YOUR GOAL: Every line below between the line holding "We had to make" and the line holding "2、画面中是一个穿着运动服的", inclusive, should be repeated exactly, and all other lines omitted.

DATASET EXTRACT:
# # # #

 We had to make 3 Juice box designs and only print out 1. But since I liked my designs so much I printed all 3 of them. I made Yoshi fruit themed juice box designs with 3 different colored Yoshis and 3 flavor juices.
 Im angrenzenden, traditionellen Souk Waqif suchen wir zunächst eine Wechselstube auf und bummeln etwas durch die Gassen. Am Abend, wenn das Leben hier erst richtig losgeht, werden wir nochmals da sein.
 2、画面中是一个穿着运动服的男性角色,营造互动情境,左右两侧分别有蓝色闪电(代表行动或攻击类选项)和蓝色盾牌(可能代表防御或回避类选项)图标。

# # # #

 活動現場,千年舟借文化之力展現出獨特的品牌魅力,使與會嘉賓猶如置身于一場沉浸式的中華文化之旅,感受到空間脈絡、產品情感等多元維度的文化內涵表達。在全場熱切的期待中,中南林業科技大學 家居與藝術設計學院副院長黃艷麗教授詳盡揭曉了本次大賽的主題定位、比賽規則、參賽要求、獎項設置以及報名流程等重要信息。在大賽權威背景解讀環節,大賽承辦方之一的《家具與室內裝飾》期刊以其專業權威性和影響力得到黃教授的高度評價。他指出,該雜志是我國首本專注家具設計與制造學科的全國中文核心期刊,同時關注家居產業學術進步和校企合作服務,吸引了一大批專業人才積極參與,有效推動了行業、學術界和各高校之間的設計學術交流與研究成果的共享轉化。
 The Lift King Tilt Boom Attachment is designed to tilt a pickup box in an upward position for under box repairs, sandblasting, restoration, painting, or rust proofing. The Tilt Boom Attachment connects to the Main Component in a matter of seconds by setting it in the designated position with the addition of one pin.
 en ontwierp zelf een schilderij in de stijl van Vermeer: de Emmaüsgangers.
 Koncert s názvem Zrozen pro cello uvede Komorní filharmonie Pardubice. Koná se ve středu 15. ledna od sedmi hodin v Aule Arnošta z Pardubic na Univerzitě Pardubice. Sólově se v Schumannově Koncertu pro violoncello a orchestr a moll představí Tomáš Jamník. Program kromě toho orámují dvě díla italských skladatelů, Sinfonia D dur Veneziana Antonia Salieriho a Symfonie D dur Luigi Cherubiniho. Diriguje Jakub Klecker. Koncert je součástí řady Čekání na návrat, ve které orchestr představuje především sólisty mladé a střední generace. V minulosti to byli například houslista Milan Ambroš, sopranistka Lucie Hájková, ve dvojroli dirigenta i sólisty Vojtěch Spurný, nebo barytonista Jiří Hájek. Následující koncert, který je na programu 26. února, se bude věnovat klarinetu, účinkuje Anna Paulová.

# # # #

RESPONSE AREA:
 We had to make 3 Juice box designs and only print out 1. But since I liked my designs so much I printed all 3 of them. I made Yoshi fruit themed juice box designs with 3 different colored Yoshis and 3 flavor juices.
 Im angrenzenden, traditionellen Souk Waqif suchen wir zunächst eine Wechselstube auf und bummeln etwas durch die Gassen. Am Abend, wenn das Leben hier erst richtig losgeht, werden wir nochmals da sein.
 2、画面中是一个穿着运动服的男性角色,营造互动情境,左右两侧分别有蓝色闪电(代表行动或攻击类选项)和蓝色盾牌(可能代表防御或回避类选项)图标。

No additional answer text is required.